We fear taking risks because there's a lot to lose if things go wrong: money, brand equity, our reputation, customer relationships, and people either through job loss or willful termination of employment.

As humans, we avoid risk and strive for certainty and consistency. However not being willing to take risks leads to not trying new things, inaction, and inertia.

To accept more risk try the following:

  • Embrace uncertainty
  • View uncertainty as an opportunity to build a new competitive advantage
  • Find ways to manage risk effectively
  • Think through the worst thing that could happen, estimate the impact, act

Not Meeting Investor Expectations

Investors (including business owners) expect consistency in revenue, earnings growth, and profitability.

Leaders strive to meet quarterly earnings expectations. Because of this, they are less willing to take more risk today to earn a greater return tomorrow: they choose the "sure bet" and take less risk today to meet earnings projections tomorrow.

One thing to consider is that leaders may wrongly hold the assumption that investors are not willing to take on more risk to receive a greater return. Often, they are.

No Crisis Exists

It's hard to make the case for change when things are going well, and there is nothing that is forcing us to act. People prefer stability and consistency.

However, there are risks in coasting because savvy leaders are actively looking to identify emerging business opportunities and moving quickly to capture them. They are anticipating competitor moves, market changes, and new technologies to gain a competitive advantage over slower moving or resistant-to-change competitors.

Customer Resistance to Change

Customers are also conservative about trying new products, services, features, and benefits.

It takes them years to test and implement a new product. And because they can’t change fast, we can’t change fast.

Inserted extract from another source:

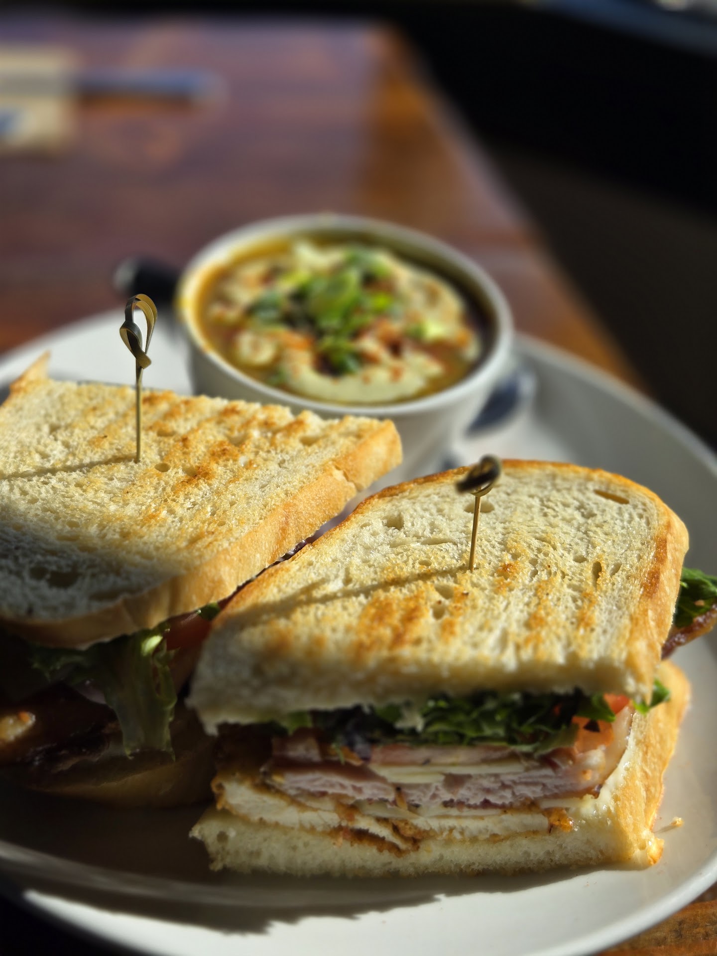 When the server told us the specials for the evening I was amazed they were trying something so elegant. It was the surf and turf that had a sous vide steak with scallops with a pomegranate sauce and honey glazed carrots. The scallops were too delicate for the pomegranate sauce and unfortunately over powered it, however there was not a lot of the sauce and it was very easy to avoid. The scallops themselves were prepared to perfection, soft and delicate. The steak was amazing, the texture was perfect the seasoning was to die for, it had a beef sauce under it that was extremely well balanced. The carrots were perfect and the mash was velvety and delicious. A nearly perfect meal, I could eat that everyday. I don't normally do desert but the server offers us bannana bread, once again I thought this was a strange offering but seeing how well the kitchen handled the main course I had to see what this bannana bread was about and I was not disappointed. A pillowy slice of bannana bread under vanilla ice cream with a caramel drizzle that was amazing. I feel like it could have benefited from something tart to cut into the three layers of sweet but overall an amazing dish. Our server was amazing, she immediately complemented my wife's shirt and this made my wife very happy. I love it when she is beaming like that. The server was very friendly, joked with my wife. She always had more water as soon as I finished my water and knew the menu very well. The resteraunt was hospital clean, the table were arranged beautifully.

Actions to take to remove this barrier are to better identify customers’ needs:

  • Gain continuous customer feedback
  • Get customers involved in developing new products and services
  • Continuously update and improve products (rather than once per year)
  • Enable customers to customize offerings

Lack of Employee Creativity and Learning

Often, decisions are made at the top and funneled down to employees to act upon. People who don't do the jobs provide employees detailed instructions how to do their jobs.

The bottom line is employees know how to do their jobs best, what problems exist, what needs to change to make things work better and are the ones to tap into to generate creative ideas.

Another common thing that happens is leaders pursue only opportunities that are achievable with current capabilities, which prevents future business growth and necessary skills development.

To stimulate creativity, learning and growth here are some actions to take:

  • Form cross-functional teams to attack particular opportunities and problems
  • Grant employees leeway to get the job done
  • Connect employees across organizational silos to stimulate new ideas
  • Add capabilities by acquiring new learning and skills
  • Set clear and aggressive learning goals
  • Make fast, focused leaning a prime objective

There are many more barriers to change, one of the most common being cultural issues. You can read about transforming organizational culture in this article.

One of the most powerful things leaders can do is to identify barriers to change by asking challenging questions that inspire discovery, new insights, and new action.

Like it or not, it’s time to throw out the old rulebook and start fresh with approaches that make sense for the new economy to pave the way to success not only for you but for your team and your customers, as well.